If you ask people in my family about Verda's middle name, most will probably say it was Jane. It wasn't. The story is that Verda didn't like her real middle name so she replaced it with Jane in honor of her grandmother. I'm not sure all of her children even knew Jane wasn't her real middle name.

I don't know when Verda decided to adopt her grandmother's name. She was only twenty years old when Isabella Jane died. It could have been then. The funny thing about Verda trading Waller for Jane is that Waller was also a name connected to Isabella Jane. It was the maiden name of her great-grandmother and had been used as a middle name for both boys and girls in the family for three generations. It was the middle name of Isabella Jane's sister, Mary.

Isabella Jane Goodloe was born on 27 Jan 1838 in Hopkins County, Kentucky and she lived there her entire life. She was the first of four children born to John Emerson “Jack” Goodloe and Eliza Ann Dobyns. 

By the time Isabella Jane turned 11 years old, her mother had died and her father had married Elizabeth Pettus. She and Elizabeth apparently had a close relationship. Clippings from the personals section of the Earlington Bee from 1903 and 1904 refer to them as mother and daughter in reporting visits between the two.

Isabella Jane married Albert Hankins on 24 Oct 1855 at her father’s home in Hopkins County. They had four children: John Houston born 24 Aug 1856; Thomas Leander “Lee” born 13 Jun 1858; James W. born 25 Jul 1960 and Mary Madore “Mollie” born 10 Mar 1863. 


Albert apparently died between 1863 and 1870 although it is not known exactly what happened to him.
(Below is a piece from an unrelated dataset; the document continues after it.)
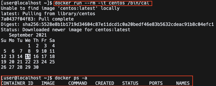 - --rm 옵션으로 컨테이너 종료 시 자동으로 삭제하도록 설정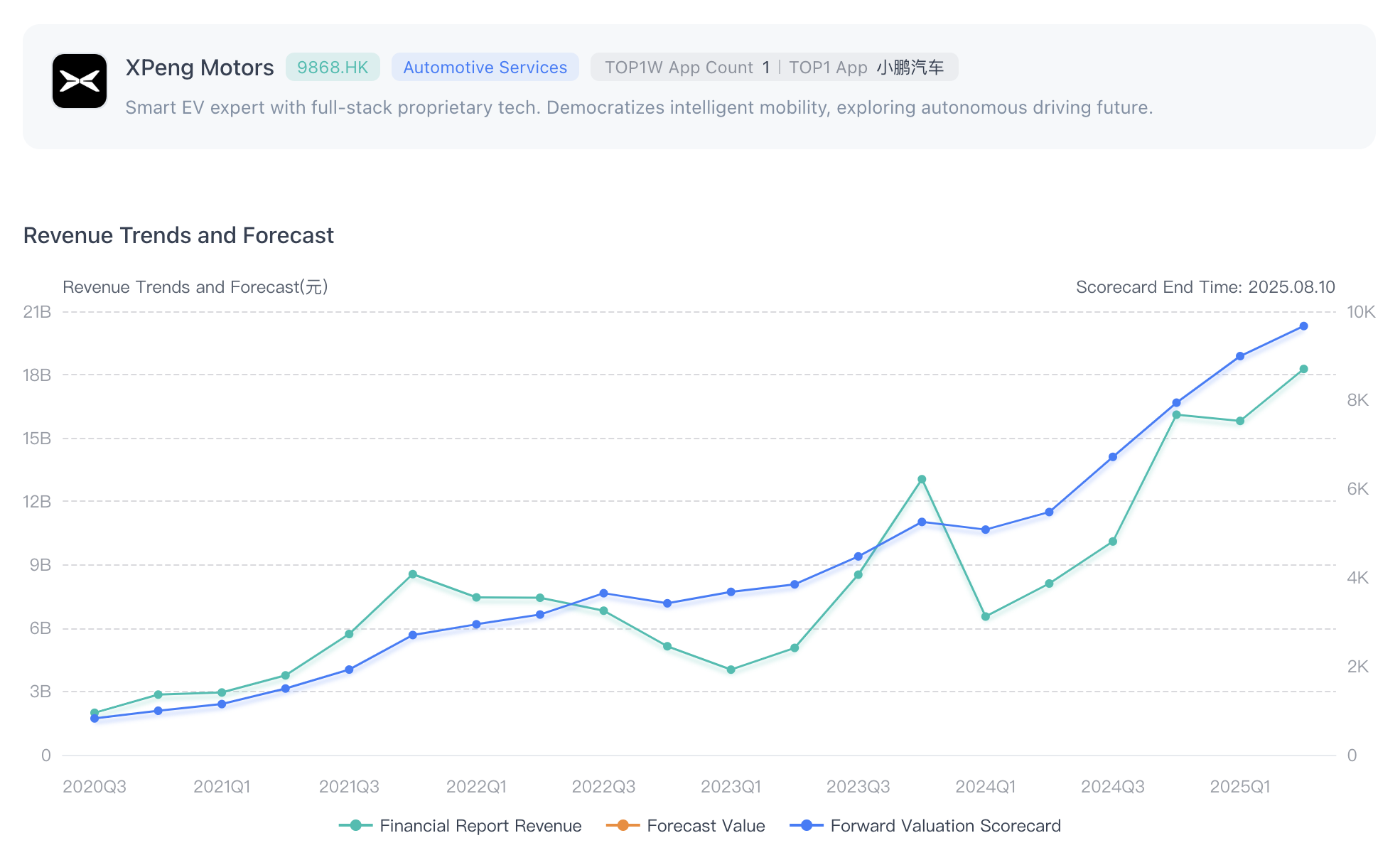 For XPeng, linear analysis of app activity, offline traffic, and factory population showed only two divergences over 20 quarters (2020–2024), with trends otherwise highly consistent.

He had enlisted in the 8th Kentucky Infantry (Confederate) in Oct 1861 and his muster roll on 1 Aug 1862 lists him as a 4th Sgt. with Company I but shows he was “absent at home in Kentucky without leave.” There are family stories that Albert was with a friend in a barn in the company of Confederate deserters, was accused of desertion and shot. Aunt Liz once told me (in response to my question about how Albert died) that she remembered hearing “he got into some trouble and was shot.” That seems to go along with the barn story.

Regardless of how Albert died, Isabella Jane was left alone with four young children to raise. She and the children moved near her father, likely on his property since they were listed next to him in the 1870 census. 


Isabella Jane married Thomas G. Yates on 3 Jan 1874. Yates' fate is unknown but they weren't together long because she married Thomas K. Devault on 23 Nov 1879. 

Isabella Jane's four children were all married by the time she and Thomas adopted a daughter about 1887. Bessie Walker's mother died just a few days after she and her twin sister, Jessie, were born. Their father died three years later. Isabella Jane and Thomas took Bessie. Virgina (Isabella Jane's half-sister) and William Moore took Jessie. Twins Separated and Adopted by Sisters — How Did I Miss This? tells more of that story. 
Thomas and Isabella Jane
The Devaults lived on Robinson Street in Earlington in 1900. Isabella Jane died of malaria just a few years later on 23 Jul 1905 and was buried the next day in Grapevine Cemetery. 




Written for 52 Ancestors in 52 Weeks challenge at No Story Too Small. 


Isabella Jane was my 2nd great-grandmother through her son, Thomas Leander "Lee" Hankins. 

Photos of Isabella Jane courtesy of Rick Thorpe, descendant of Mary Madore Hankins Clements, who shared many Hankins pictures with me several years ago.